Third Party Communication: None

 

Date of Communication: Not Applicable

 

 

UILC: 7701.03-00

 

Release Date: 10/16/2009

 

Date: October 7, 2009

 

 

CC:PSI:2 - POSTS-140798-09

 

 

to:

 

Barry B. Shott

 

(Deputy Commissioner, LMSB

 

(International)

 

 

from:

 

Curt G. Wilson

 

Associate Chief Counsel

 

(Passthroughs & Special Industries)

 

 

subject:

 

Entity Classification of Liechtenstein Anstalts and Stiftungs

 

 

This Chief Counsel Advice is in response to your request for assistance. This advice may not be used or cited as precedent.

 

ISSUES

 

 

1. Whether a Liechtenstein Anstalt is properly classified as a business entity or trust for U.S. tax purposes?

2. Whether a Liechtenstein Stiftung is properly classified as a business entity or trust for U.S. tax purposes?

CONCLUSIONS

 

 

1. Based upon the information submitted, we believe that, subject to the facts and circumstances of each situation, Liechtenstein Anstalts generally are not properly treated as trusts under § 301.7701-4(a) of the regulations because, in most situations, their primary purpose is to actively carry on business activities. Therefore, in most cases, Liechtenstein Anstalts are properly classified as business entities under § 301.7701-2(a).

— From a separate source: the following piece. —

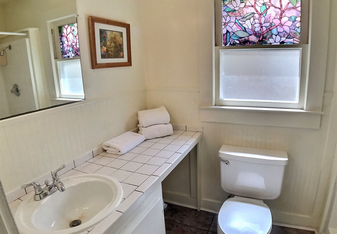 This type of construction of the rock cottage is also known as Giraffe houses, and was popular in Arkansas in years gone by. It is the perfect lodging for a cozy couple’s getaway. Our cottage features a queen bed, fireplace, and spa tub for two. Settle in with the loveseat, 40″ flat panel TV, (Kitchenette not a kitchen) mini refrigerator, microwave, coffeemaker, and private bathroom with shower. Flat paved parking and a trolley stop at this location.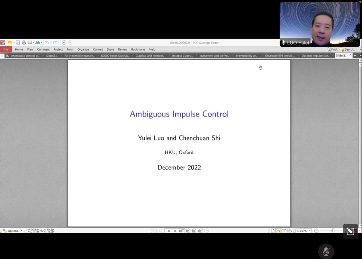 12月9日下午,tyc41183太阳成集团第294期高级经济学讲座以线上形式举行,香港大学经管学院经济学教授罗雨雷作了题为“Ambiguous Impulse Control”的学术报告。tyc41183太阳成集团助理研究员尹鹏辉主持会议。

2. Based upon the information submitted, we believe that, the classification of Liechtenstein Stiftungs must be determined on a case by case basis, dependent upon the facts and circumstances of each case. Generally, however, Stiftungs will be classified as trusts, unless under the facts and circumstances, the entity was created primarily for commercial purposes.

FACTS

 

 

Liechtenstein Anstalts

 

Based upon the information you provided to us, an Anstalt, or Establishment, may be formed by either a natural or a legal person, known as a Founder. A person may form an Anstalt for himself, or for another party pursuant to a power of attorney or through a fiduciary arrangement. Founders are usually Liechtenstein attorneys or trust companies that protect the anonymity of the actual owner or beneficiary of the Anstalt. The Founder signs the Anstalt's articles. An Anstalt is established and achieves the legal personality when the Founder enters the Anstalt into the Register. To register, the Founder must submit the articles, the constitutive declaration, proof that capital has been paid in, and evidence that the official registration fees have been paid.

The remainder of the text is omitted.